The rate of allelic microevolution was calculated using the first and last sequenced isolates of the longitudinally sampled patients and from the household outbreaks. A rate of change in DNA sequences of 0.55 alleles per genome per year (95% CI 0.26–0.84) was inferred by maximum likelihood.

We also compared the correlation between MIRU-VNTR and allele diversity (Fig. 2b). Strikingly, apart from two exceptions, a threshold of five distinct alleles related to a maximum distance of three distinct MIRU-VNTR loci, and 12 distinct alleles with four distinct MIRU-VNTR loci (Fig. 2b).

To test the performance of the refined cgMLST schema for discriminating clinical isolates for transmission analysis, we selected seven clusters comprising 52 isolates from a longitudinal molecular epidemiological study carried out in Hamburg, Germany (see Materials and Methods). All strains in a particular cluster displayed identical spoligotyping patterns and comprised up to 26 strains (Fig. 3). For all strains, at least 98.6% of the cgMLST scheme targets fulfilled quality thresholds for detection (Table 3).

Fig. 3.

Fig. 3

Comparison of the SNP and cgMLST approach employed for seven clusters defined by traditional genotyping methods for the Hamburg surveillance study. Minimum spanning trees built from either identified SNP positions (A) or from the cgMLST approach (B), shown in logarithmic scale. Colors indicate genomic clusters defined by a maximum distance of 12 SNP positions or allele variants, with orange and yellow denoting identified genomic clusters, and isolates marked in grey ungrouped. Isolates labeled in red exhibit differences between both approaches in their position in the derived tree.

Table 3.

Evaluation of the improved cgMLST scheme with 52 isolates clustered by traditional genotyping.

Cluster ID Number of strains Subgroup Genotype (Coll 2014) Discerning SNPs Discerning alleles Perc. Min1 Perc. Max1
Cluster 48 9 LAM 4.3.4.2 8 8 99.4 99.5
Cluster 56 5 Beijing 2.2.1 57 41 98.6 98.7
Cluster 61 5 Euro-American 4.1.2 4 4 99.7 99.7
Cluster 80 26 Haarlem 4.1.2.1 322 206 99.7 99.7
Cluster 188 2 Beijing 2.2.1 0 0 98.6 98.7
Cluster 189 2 LAM 4.3.3 15 11 99.9 99.9
Cluster 199 3 Euro-American 4.8 5 3 99.5 99.6
Total: 52 411 273 98.6 98.9
1

Percentage of cgMLST genes fulfilling quality criteria, given as minimum and maximum value.

For each cluster, both, a SNP and cgMLST based analysis was carried out, including the definition of genomic clusters (GCs) by a maximum distance of 12 SNPs/ 12 distinct alleles to the nearest group member (Fig. 3). The SNP-based cluster analysis detected six GCs in the seven clusters, with one GC for clusters 48, 61, 188, and 199 each, and two GCs for cluster 80. All of these were confirmed by the cgMLST approach, with one additional GC suggested for cluster 189.

As expected, the number of distinct alleles between isolates using the cgMLST approach was smaller than the number of distinct SNP positions. For the seven clusters, this resulted in one additional GC suggested for cluster 189, and a lower discriminatory power for cluster 80, where two isolates (11114–03, 9956–03) separated by the SNP method fell into the central outbreak node in the cgMLST analysis. In addition, in two of the smaller clusters (48 and 199), the position of isolates was switched in the derived tree topology.

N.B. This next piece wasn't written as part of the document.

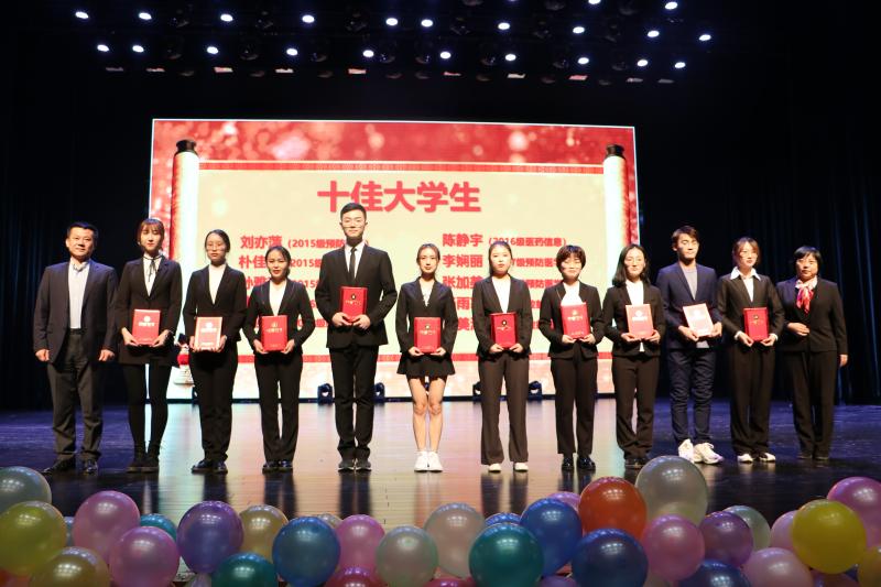 2019年度“优秀班级”、“自立自强大学生”、“十佳大学生”称号的代表及同学依次上台领取证书,并与各位领导合影留念。颁奖典礼的最后,刘雅文院长发表了精彩的讲话,激励新生要继往开来、脚踏实地、锐意进取,取得更加优异的成绩,成为更加优秀的公卫学子。

To allow for standardized cgMLST typing of Mtbc strains, we set up an allele nomenclature server (http://www.cgmlst.org/mtbc) for the suggested cgMLST scheme. SeqSphere+ users have the option to use either an own local or the global stable cgMLST.org allele nomenclature. If using the latter, the user may optionally submit anonymized, i.e. without storing submitter information, or non-anonymized strain allelic profiles for complex type assignment with or without additional epidemiological metadata (place, time, etc.). Thus, if a new gene sequence is detected, a new allele number is assigned, and the data are stored in the database. This facilitates the generation of standardized, comparable cgMLST allele number data from different researchers or laboratories. Furthermore, the cgMLST nomenclature server groups closely related cgMLST profiles in complex types (CT; currently 13,433) with a threshold of 12 distinct alleles. In addition to the cgMLST gene set, the server also hosts an set of 755 additional accessory genome genes. The web interface of the server allows searching strains via sample ID, cgMLST.org ID, cgMLST CT, collection year, country of isolation, PubMed ID, NCBI accession, or submission year. In addition, the scheme and the allelic sequence definitions can be downloaded. Currently, the nomenclature server hosts cgMLST allelic profiles of 35,418 Mtbc strains. At the moment, the server can be queried using the SeqSphere+ software. The implementation of a WWW interface for uploading own data to search for closely related isolates and an application programing interface (API) for other tools are planned.

4. Discussion

WGS has evolved over the last years as a prime tool for TB molecular epidemiological studies with higher discriminatory power compared to classical genotyping such as MIRU-VNTR typing esp. in high incidence settings [[7], [8], [9], [10], 14, 28]. WGS has recently been shown to facilitate European wide outbreak analysis of multidrug resistant strains [14, 29], however, in these studies, WGS data analysis was done by one core lab to enable a joint comparison of sequence data from different sources. In fact, results from different SNP-based analysis pipelines are not easily comparable due to the use of highly customized in-house pipelines [3, 18]. These limitations can be largely overcome by using a whole genome gene-by-gene allele calling approach [15, 16], extending at genome wide level the concept initially developed for sets limited to six or seven house-keeping genes, the standard MLST approach [15].

Here, we demonstrate that an improved cgMLST scheme employing 2891 loci showed excellent performance in a reference collection of 251 strains reflecting the global diversity of the Mtbc. With allele retrieval rates of >97% good targets, the cgMLST scheme proved to be universally applicable for Mtbc strains from all lineages including M. canettii. This is of particular importance for its application as a tool for standardized typing of clinical Mtbc strains for longitudinal studies as well as cross border surveillance, e.g. of MDR outbreak clones. As the scheme was also validated for the primarily animal pathogenic species M. caprae, M. bovis, M. orygis, M. microti, and M. pinnipedii, it can also be used for surveillance of these pathogens.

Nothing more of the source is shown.